El frío era inspirador para la melancolía de esa mañana, y aunque tenía el corazón curado todavía vivía un dejo de tristeza en su alma, todavía se encendía una llama que paradójicamente lo apagaba más y más. Pero tenía todo resuelto, unos días antes había hablado con el Dr Fruslería y le dio una pastilla que tenía que tomar cuando crea conveniente.
Camino a la dentista hubo cosas de todos los días, nada que le llamó especialmente la atención, aunque es verdad que tampoco le prestó mucho interés a su entorno, porque iba pensando, o tratando de recordar cual era la primer mañana que recordaba. Esfuerzo que claramente fue en vano, porque cuando se acercaba a algo que pensaba que era esa mañana una nube espesa de color violeta le apagaba el recuerdo, en una suerte de frustración dulce la cual buscaba de vez en cuando en esos fallidos recuerdos de cosas que seguramente eran irrelevantes para la secuencia indómita de los días, tardes y noches del pasado, presente y futuro. Una vez frente a la puerta de la dentista se tomó la pastilla, miró al cielo y por la claridad los ojos se le llenaron de lágrimas de cocodrilo y entró.
Cuando pasó se sentó a esperar en la salita hasta que lo llamaron, y entró a la sala donde la rubia y enrulada dentista lo esperaba con una sonrisa que no supo contestar. Ella le dijo que siente y le preguntó como andaba, si le había dolido alguna muela. El respondió que no, respuesta que después de darla la sintió realmente vaga y poco precisa, pero entendió que era muy tarde para aclarar y dejó que el momento pasara quedando como un imbécil.
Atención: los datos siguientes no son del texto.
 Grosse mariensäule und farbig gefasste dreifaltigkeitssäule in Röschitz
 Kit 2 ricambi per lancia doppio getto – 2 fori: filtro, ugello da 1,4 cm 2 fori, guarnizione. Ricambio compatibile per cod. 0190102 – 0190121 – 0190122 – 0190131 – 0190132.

La mujer le pidió que abra la boca y cuando ella se acercó él se sintió realmente bien con esa presencia tan cerca, fue un segundo hermoso en el que se sintió sinceramente acompañado. Fue una pena la escena siguiente en la que los gritos de la dentista ocupaban toda la piecita, mientras la espuma blanca salía de la boca del paciente y sus pupilas se volvían blancas y el cuerpo convulso luchaba por retener su alma. Y Felipe a toda esta circunstancia ya era ajeno, sentía la libertad y como iba ascendiendo de a poco a quien sabe donde, y no hubo recuerdos, únicamente tranquilidad, aunque de todas formas no se podía deshacer de esa pequeña llama de angustia que lo acompañó hasta el final.